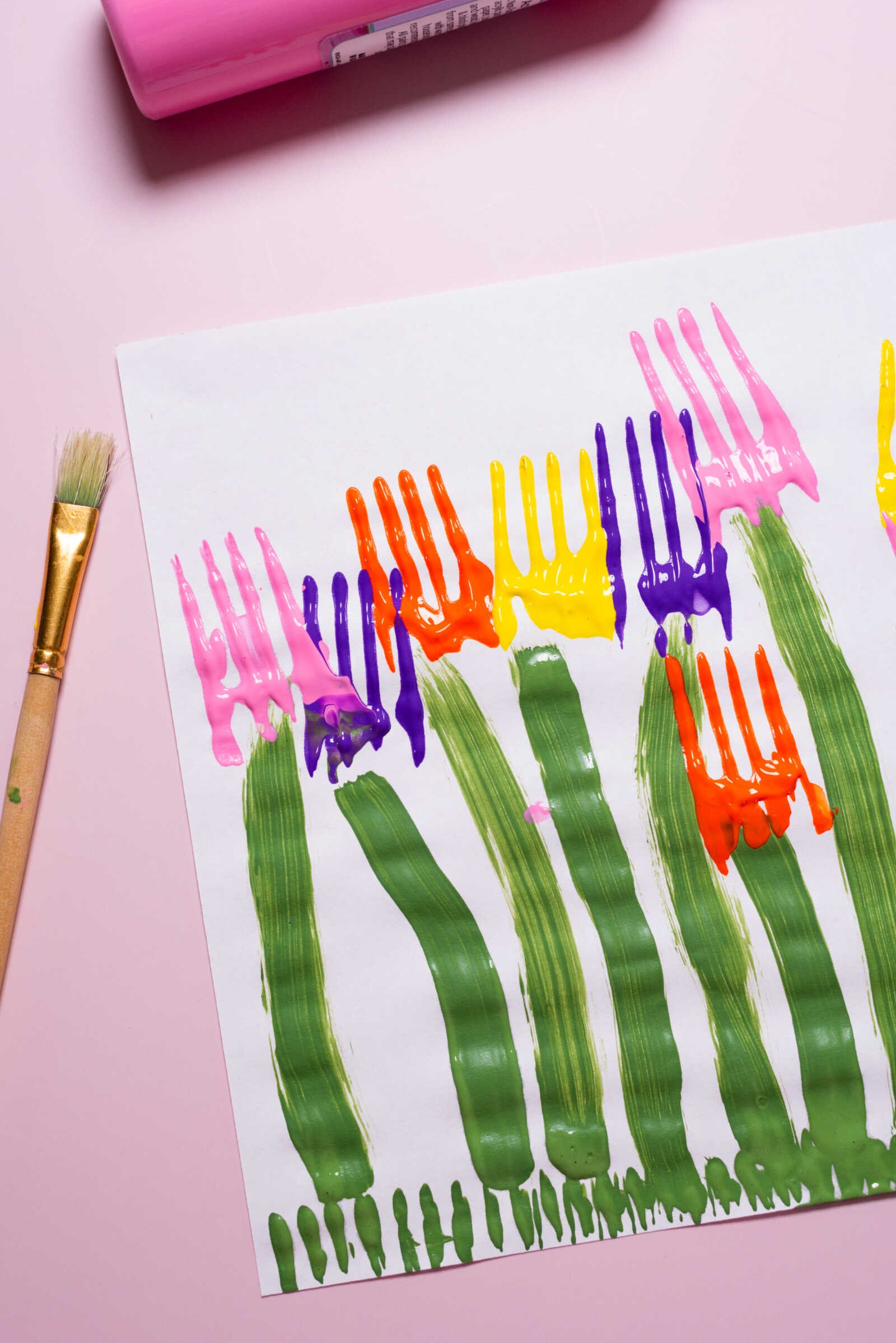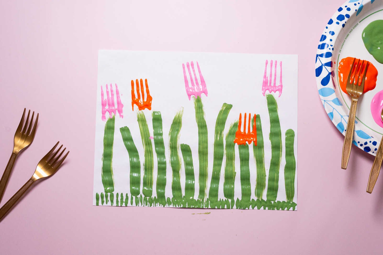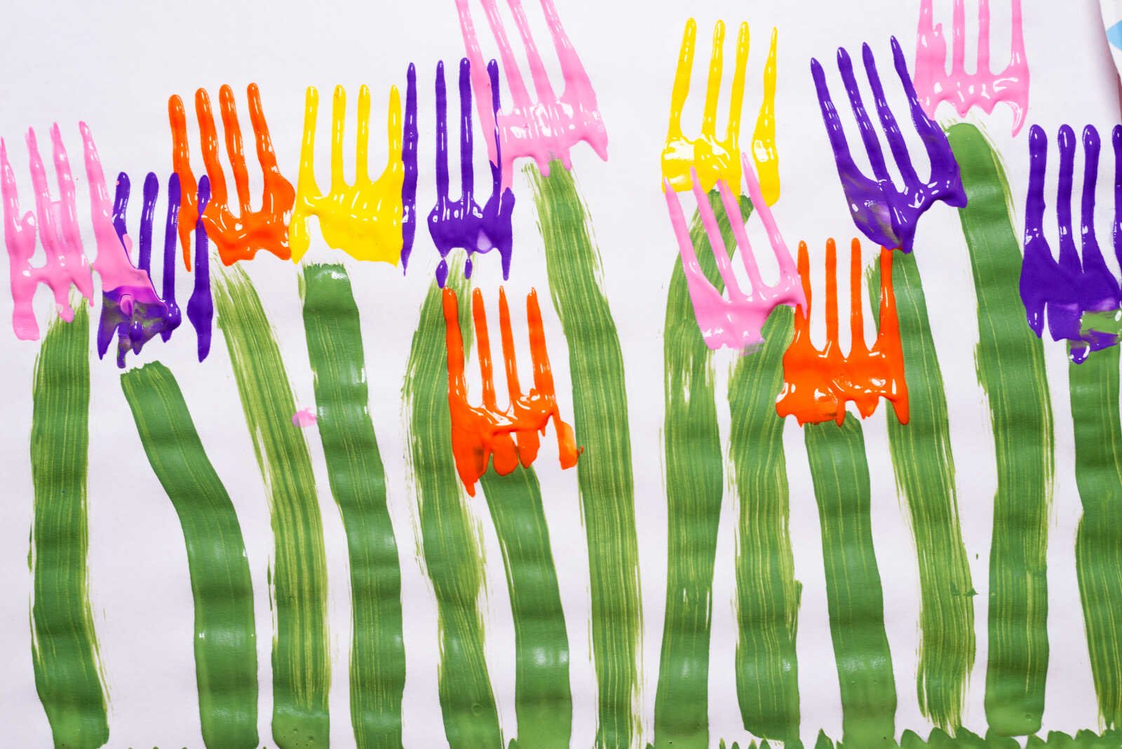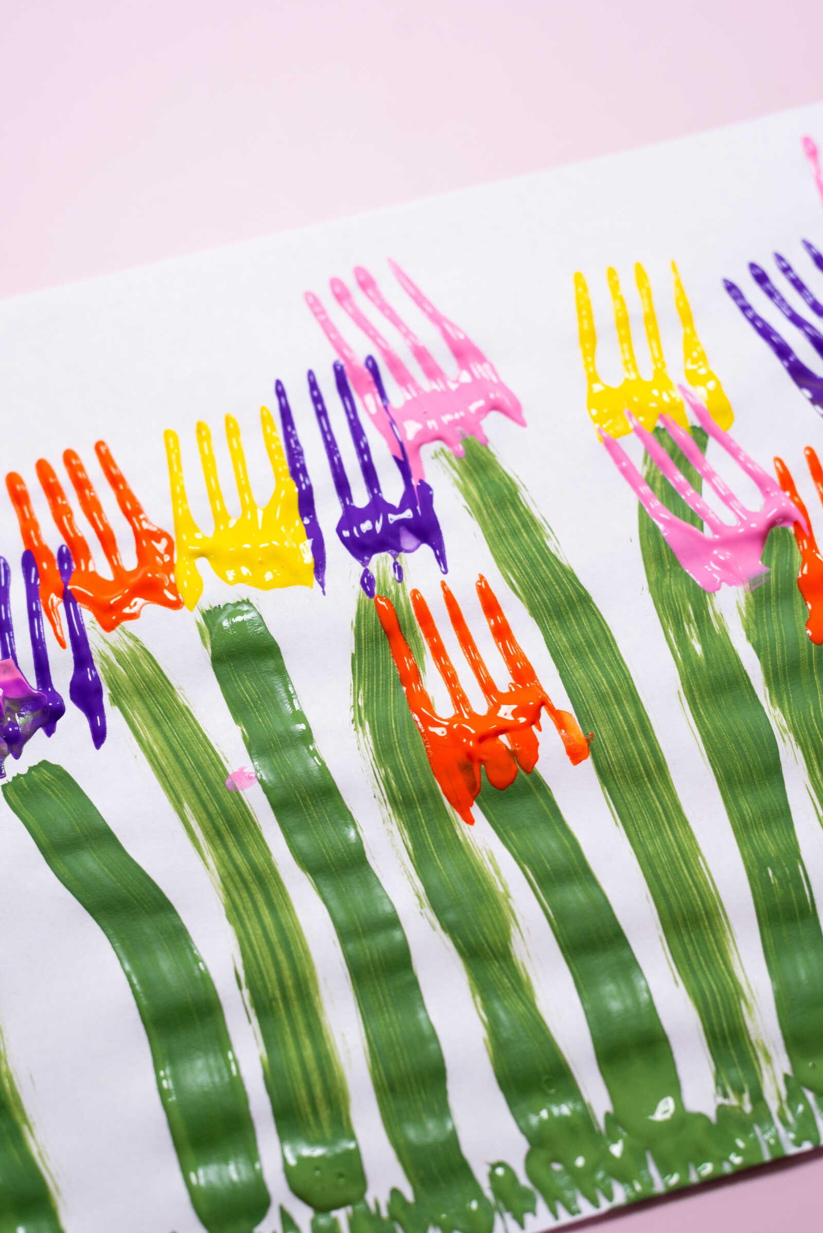 Align the fork at the top of each painted stem. Press it firmly onto the paper, then give it a slight rocking motion toward the handle to create that rounded tulip shape.
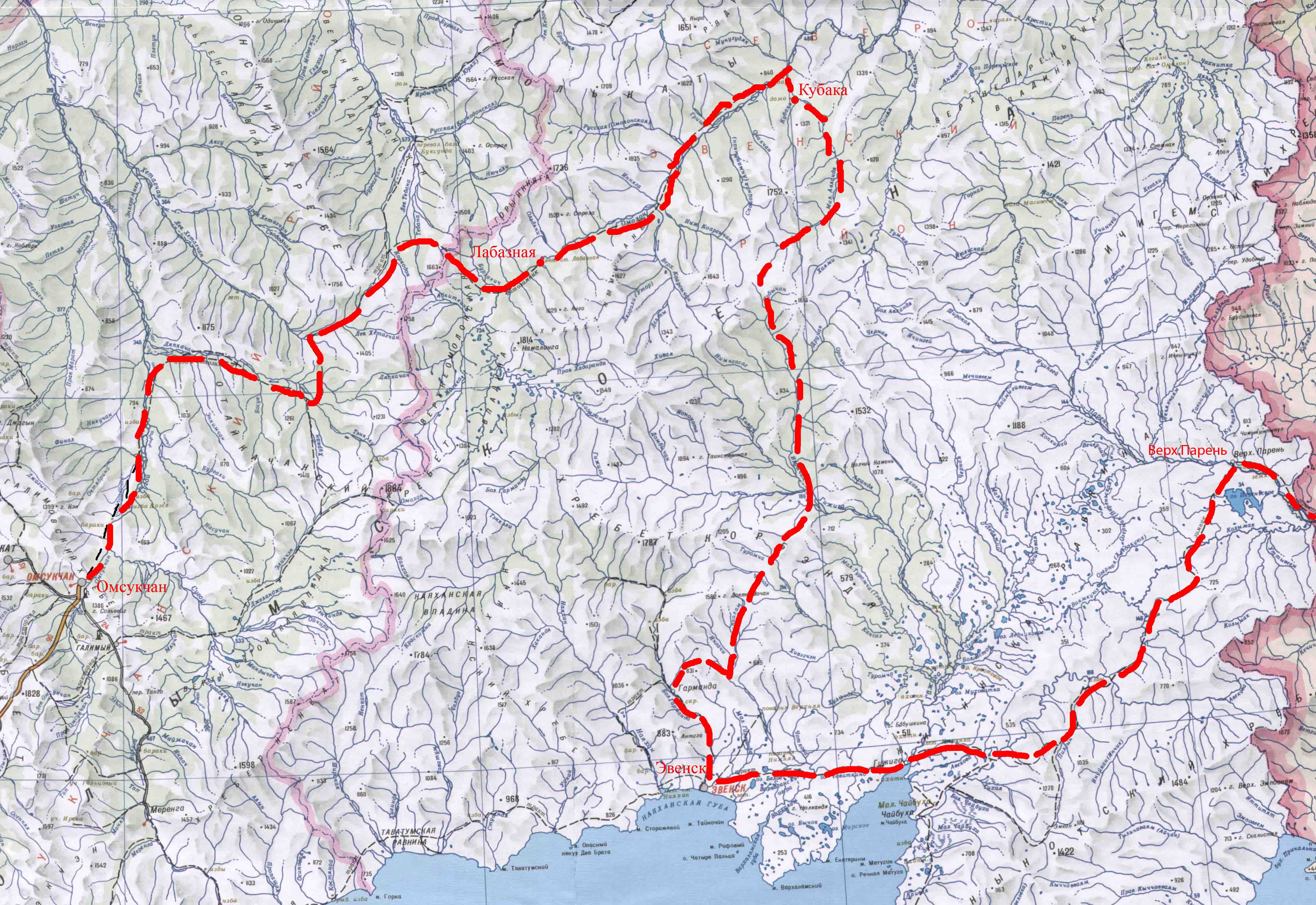 Карта красивая, но времен давнишних. С тех пор, как между СК и Эвенском проложена круглогодичная дорога, то конечно, для "чистоты эксперимента" можно ехать и минуя Гарманду, но ни к чему
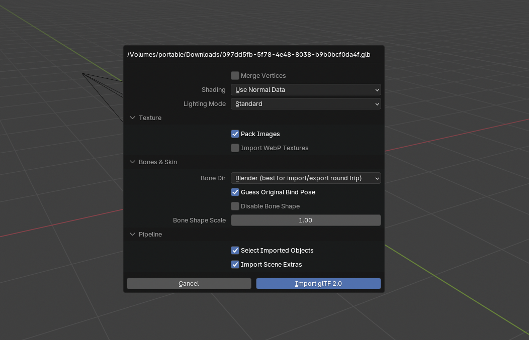 0と入力します。以上です!これでモデルは、手動で回転させる必要なく、どのソフトウェアでも常に正しくインポートされるようになります。
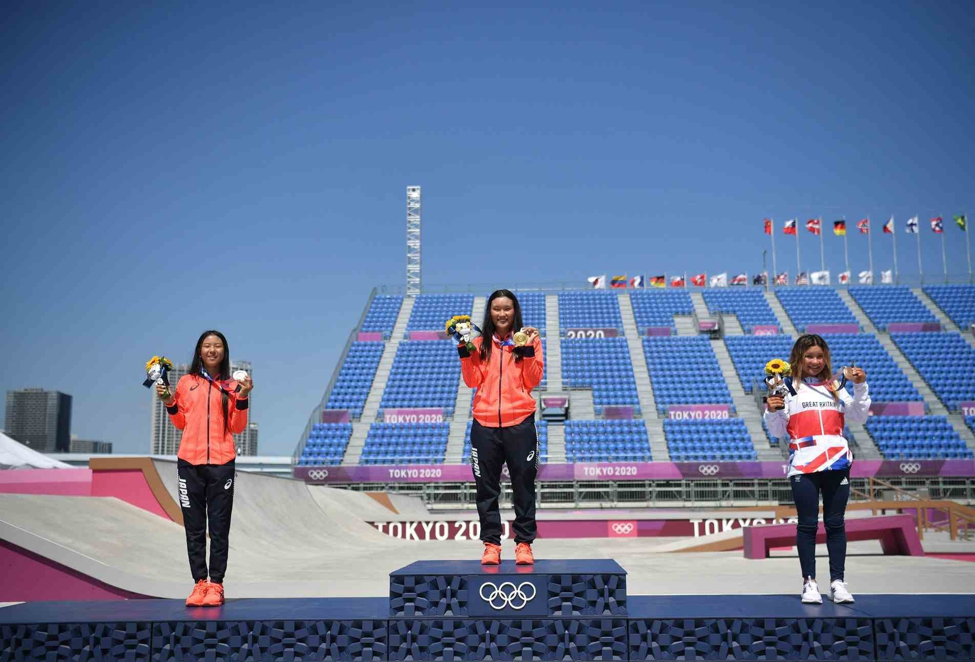 Favorita na prova, Sky Brown teve os holofotes da pista montada na Arena de Ariake voltados para si. Tendo se profissionalizado aos 10 anos, a jovem faturou a medalha de bronze com exatos 13 anos e três semanas. Anteriormente, a britânica já havia conquistado o primeiro lugar na edição deste ano do X Games - um dos principais eventos de esportes radicais do mundo.

Work instructions:
Your copy should match the data exactly, apart from the images, which are dropped.

Result of this task:
 Align the fork at the top of each painted stem. Press it firmly onto the paper, then give it a slight rocking motion toward the handle to create that rounded tulip shape.
 Карта красивая, но времен давнишних. С тех пор, как между СК и Эвенском проложена круглогодичная дорога, то конечно, для "чистоты эксперимента" можно ехать и минуя Гарманду, но ни к чему
 0と入力します。以上です!これでモデルは、手動で回転させる必要なく、どのソフトウェアでも常に正しくインポートされるようになります。
 Favorita na prova, Sky Brown teve os holofotes da pista montada na Arena de Ariake voltados para si. Tendo se profissionalizado aos 10 anos, a jovem faturou a medalha de bronze com exatos 13 anos e três semanas. Anteriormente, a britânica já havia conquistado o primeiro lugar na edição deste ano do X Games - um dos principais eventos de esportes radicais do mundo.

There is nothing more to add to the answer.